Exploding Tongues: Language, Art, and the Russian Avant-garde

Artist as Collaborative Text - Towards Liber Viscus

Collaboration operates as a fundamental element of the handmade book experience. The sharing of ideas and implementation across individuals a remarkable aspect of these texts and suggests that there was a form of literary experience in the creation of these communicative capacities that carries a further affective importance. Namely, that of Love. Take Mirskontsa for example: the text is noteworthy among other handmade books for the heavy presence of initials (mostly from Goncharova) and an artist's credit page. It is extremely notable that Mirskontsa was created in-part by artists-in-love: Goncharova and Larionov would later marry towards the end of their lives.

Further indicative of a spirit of love, Roman Jakobson importantly noted that in the occurrence of the sound-shape in language, there is an almost simultaneous emergence of divergent sexual occasions. It is no surprise, then, that Jakobson's own handmade book is iconic for its representation of a stitched-together heart on the cover. While it is unclear the depth/intent/role that Jakobson had in the production of the cover, what is abundantly evident is that notions of love as meaning-making were essential in the articulation of transrational notions of language. This consideration of the visceral life, the making of poetic accomplices-- all this operates as an extended instantiation of the sound (the word, the letter) and shape (the love life, the dead) of language.  

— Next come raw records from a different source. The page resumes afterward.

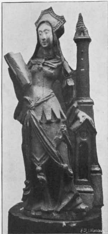
SAINTE BARBE : Bois. Première moitié du XVII e siècle. (Musée communal de Verviers).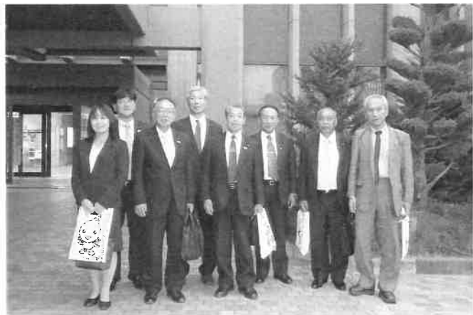
民生産業委員会行政視察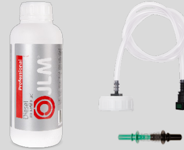
Dízel DPF Utántöltő Folyadék 1 liter / J02260 DPF Utántöltő Készlet J02270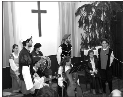
November 24-én ismét megrendeztük az Irodalmi Kávéházat. A Reneszánsz Esten a Viandante Régizene Együttes 500 évvel ezelőtti gyönyörű zenét játszott.

1989-ben. Ez lett a csírája az újjáalakult KIE mai napig is legerősebb munkaágának, a munkatárs- és vezetőképzésnek. Néhány helyi csoport megalakulása után, 1991-ben a Nemzeti Szövetség is megszerveződött. Két fő feladatot vállalt: a helyi ifjúsági munka segítése, csoportszervezés és fejlesztés által és a négyes program szellemében, a különböző programformák bemutatása, a képzések megszervezésével. Kiépültek nemzetközi kapcsolataink is, tőlünk keletre és nyugatra. Kiemelt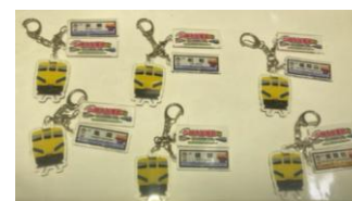
リアル桃太郎電鉄コラボ アクリルキーホルダー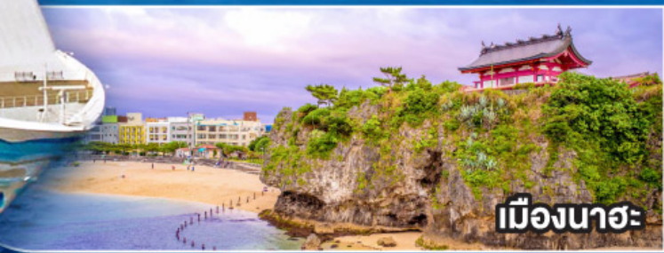
เมืองนาฮา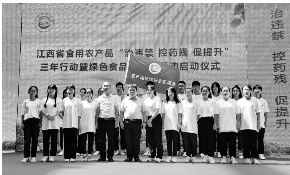
要抓好“治违禁 控药残 促提升”三年行动,巩固农产品质量安全稳定向好态势

确保农产品质量安全,必须压紧压实各方责任。新修订的农产品质量安全法,进一步明确了县级以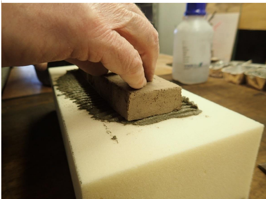
Foto 2. Påføring af murskal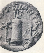
06 Denar des Sextus us, zw. 38 und 36 v. zilen. Leuchtturm von a mit Neptun und aleere. (n. Grueber Nr. 18 Taf. 120,13)

bezogen werden Wandel von der und schlagartig, dessen man sich kanischer Tradi- tze machte.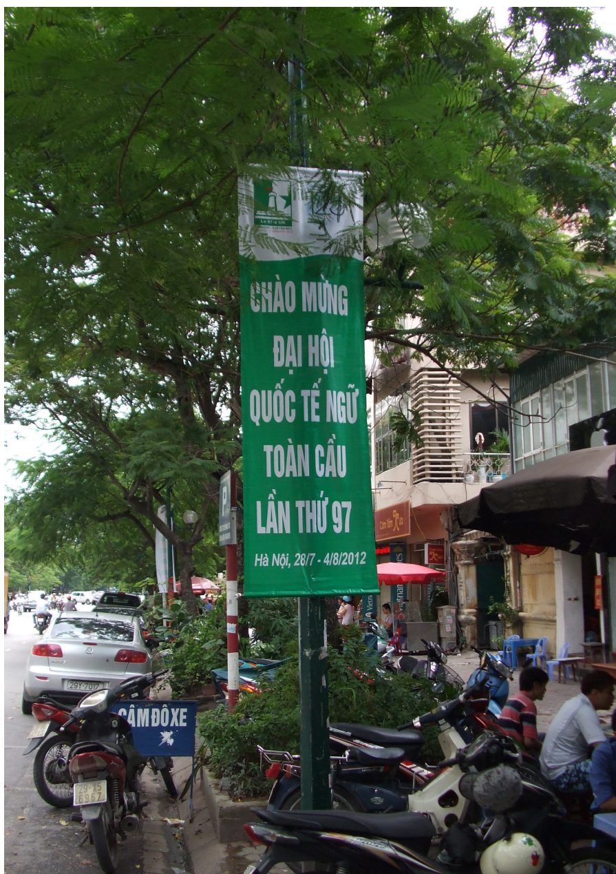
Anonco pri la Esperanto Kongreso en la strato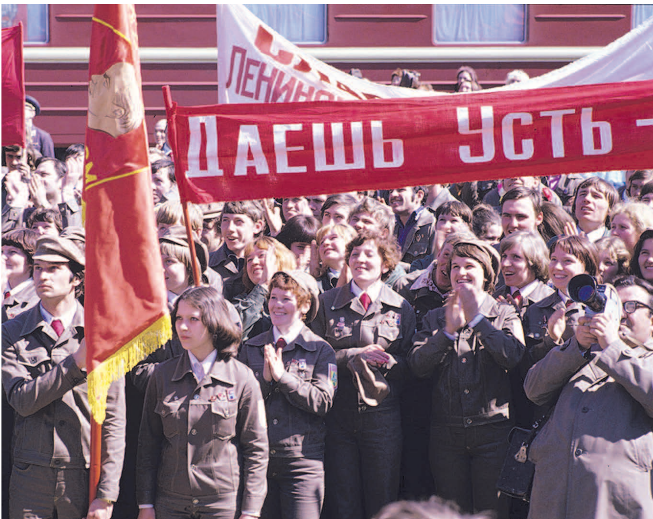
НА ФОТО: УЖЕ 100 ЛЕТ МОЛОДЫЕ ЛЮДИ ВЫХОДЯТ В БОЛЬШУЮ ЖИЗНЬ ЧЕРЕЗ КОМСОМОЛЬСКИЕ ОТРЯДЫ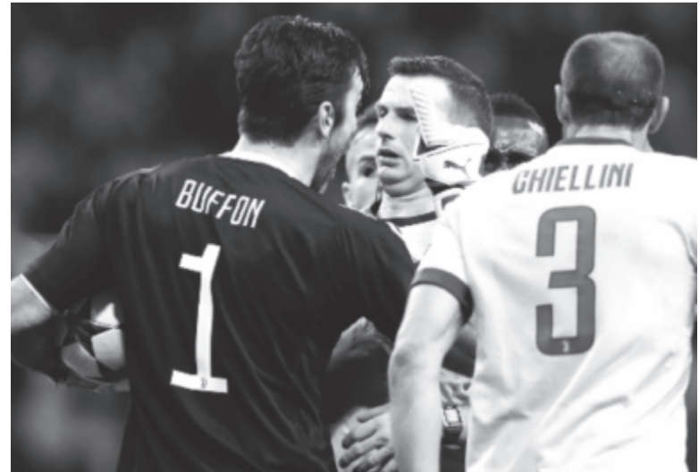
Michel Oliver játékvezető (k) rémült arckifejezéssel a Juventus kapusával, Gianluigi Buffonnal szemben. Aztán előhúzta a piros lapot

A megítélt büntetőt Cristiano Ronaldo értékesítette, ezzel a Real Madrid jutott az elődöntőbe.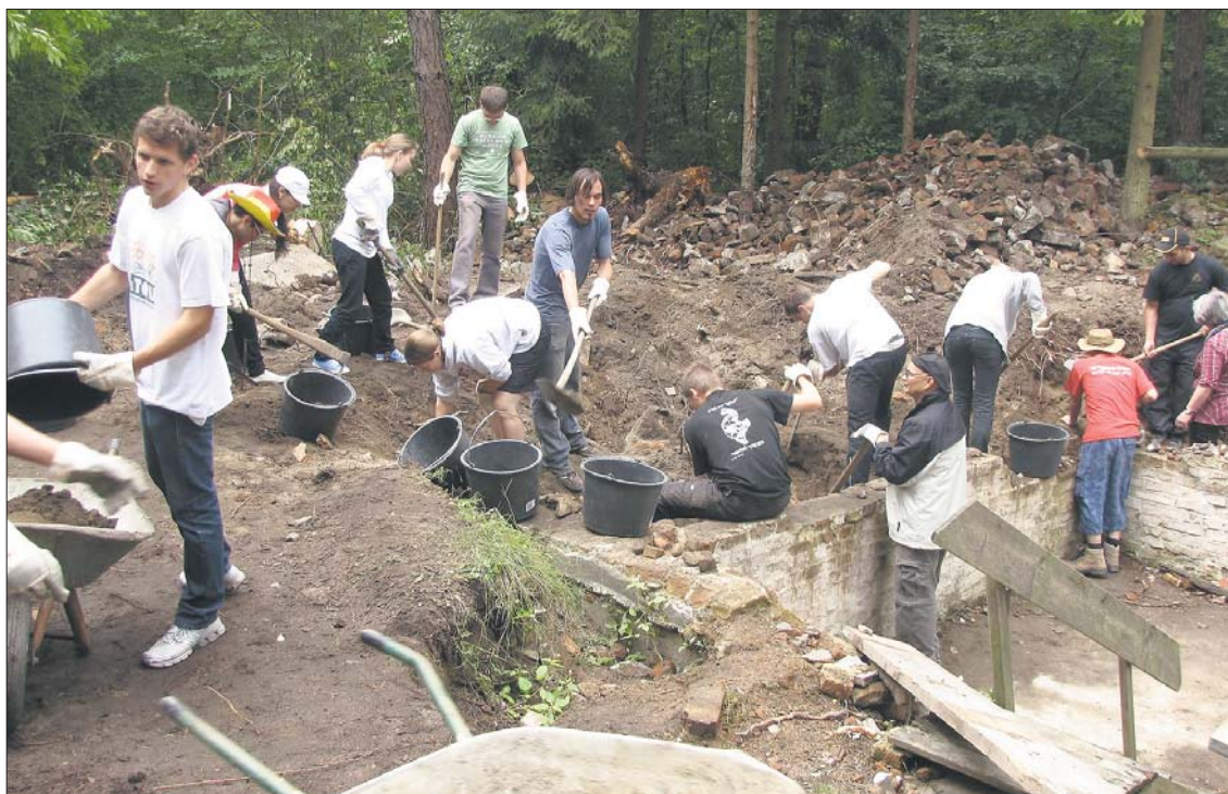
Junge Roma, Israelis und Deutsche bei der gemeinsamen Arbeit an der KZ-Außenstelle Walldorf.

Die Margit-Hovarth-Stiftung, die die Erinnerungsarbeit junger Menschen unterstützt, hatte das 75jährige Bestehen des Frankfurter Flughafens zum Anlass genommen, mit Unterstützung der Fra-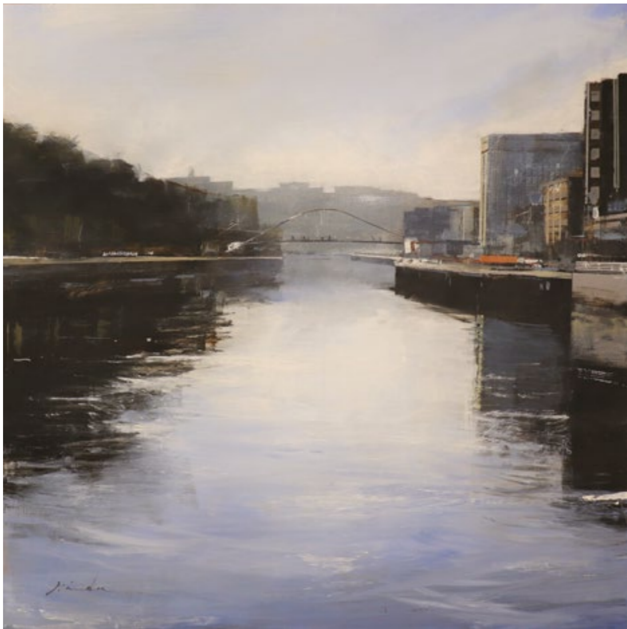
Zubizuri. 122x122 cm. Acrílico sobre tabla.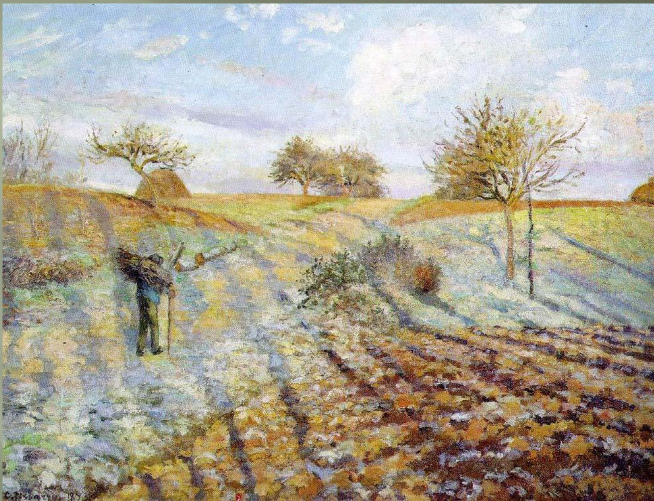
"Старая дорога из Аннери в Понтуаз. Заморозки"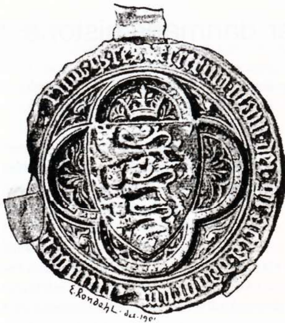
Kong Oluf 3.s våben fra 1376. Første danske våbenskjold med kongekrone over.

fabeldyr eller „rigtige“ dyr som løver og ørne. De enkle figurer var beregnet på at kunne opfattes hurtigt, på lang afstand og måske i kamptummel. Våbenmærkerne blev efterhånden arvelige inden for slægten, ligesom der med tiden opstod et fast og detaljeret system for mærkernes udformning og brug.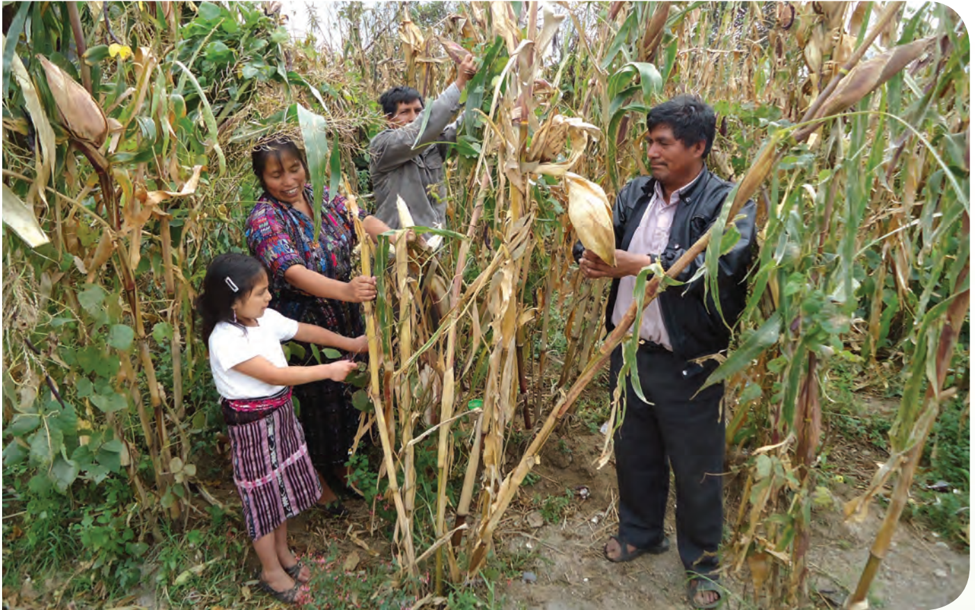
Familia cosechando su maíz.

Esto posibilita la toma de decisiones y contribuye a re-direccionar actividades para conseguir los resultados planificados.

The artists of the Russian Avant Garde were not simply in collaboration with each other, language/sound, and their hand-made texts. In the creation of their books, they constructed a new way of seeing/hearing a text--- a text with necessarily physical/finite properties (lacunae, failure, decay, and uniqueness). The integration of individuals, texts, and processes represented the next step in the journey towards and through this language of nonknowledge; indeed, the art of El Lissitzky strongly em-bodies and em-braces this analytic. Burst from its seams and stitching new meaning across un-mappable landscapes, the beyond-ness immanent in the Russian Avant Garde handmade book opened the possibility for passage into a new map of reason--where our current temporality intersects and parallels art from the early twentieth century in Russia is still yet to emerge.